15 Limited Operations on Pointers

15 Limited Operations on Pointers #

In previous articles, we have mentioned “pointers” many times, and you should be familiar with them by now. However, most of the time we were referring to pointer types and their corresponding pointer values. Today, we will discuss more in-depth content.

Let’s start with a quick review.

type Dog struct {
    name string
}

func (dog *Dog) SetName(name string) {
    dog.name = name
}

For the base type Dog, *Dog is its pointer type. And for a variable dog of type Dog with a non-nil value, the result of the address expression &dog is the pointer value of that variable (i.e., the underlying value).

If a method has a receiver of type *Dog, then that method is a pointer method of the base type Dog.

In this case, the receiver of this method is actually the pointer value of the current underlying value.

We can seamlessly access any field included in the underlying value through the pointer value and call any associated methods. This is probably the most frequently used “pointer” in writing Go programs.

Traditionally, a pointer is a value that points to a specific memory address. This memory address can be the starting address of any data or code, such as a variable, a field, or a function.
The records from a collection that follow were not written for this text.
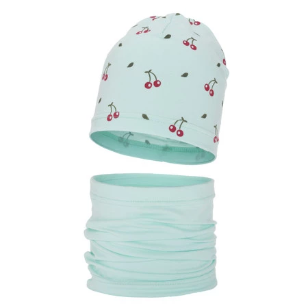 Herbst und Frühlingsset Mädchen baumwolle: Mütze und Schlauchschal Minz Cerise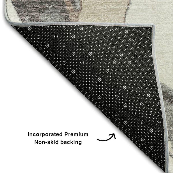 Mayfield Premium Machine Washable Abstract AMF1022 Ivory 8 ft. x 8 ft. Round Rug
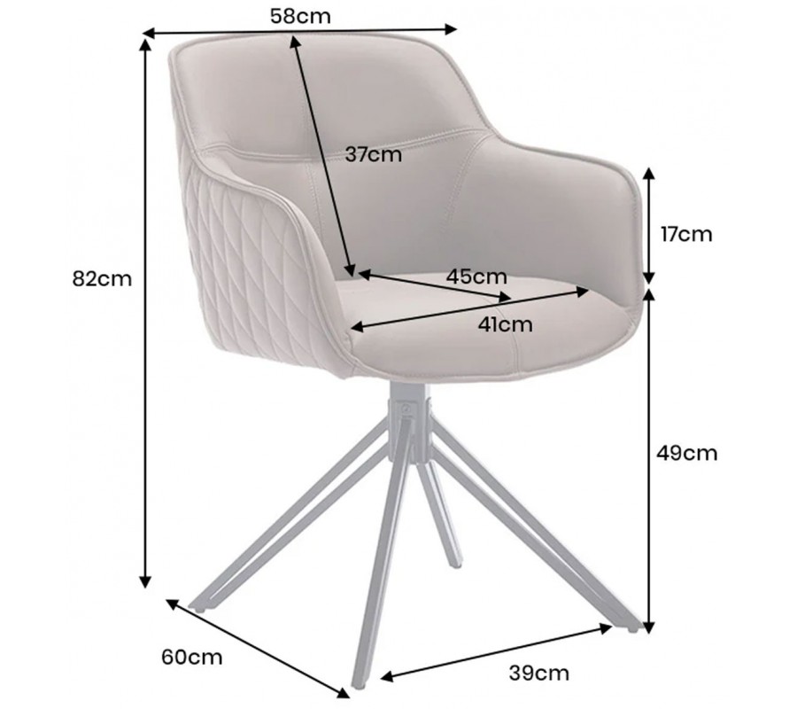 Otočný mechanizmus zvyšuje praktickosť stoličky, umožňuje jednoduché otáčanie a zlepšuje flexibilitu pri stole. Stabilná kovová podstava v čiernom prevedení sa skladá zo štyroch elegantne rozložených nožičiek, ktoré dodávajú dizajnu dynamiku a zabezpečujú pevnosť konštrukcie.

We just mentioned one of these cases, but in Go, there are a few other things that can represent “pointers”. The one closest to the traditional sense is the uintptr type. This type is actually a numeric type and is one of the built-in data types in Go.

Depending on the underlying computer’s architecture, it can store a 32-bit or 64-bit unsigned integer, which represents the bit pattern of any pointer, i.e., the raw memory address.

Next, let’s look at the unsafe package in the Go standard library. The unsafe package has a type called Pointer, which also represents a “pointer”.

unsafe.Pointer can represent any pointer to an addressable value, and it serves as a bridge between the pointer value and the uintptr value mentioned earlier. In other words, through it, we can perform bidirectional conversion between these two values. There is a crucial word here - addressable. Before we continue with unsafe.Pointer, we need to understand the exact meaning of this word.

Today’s question is: Can you list which values in Go are not addressable?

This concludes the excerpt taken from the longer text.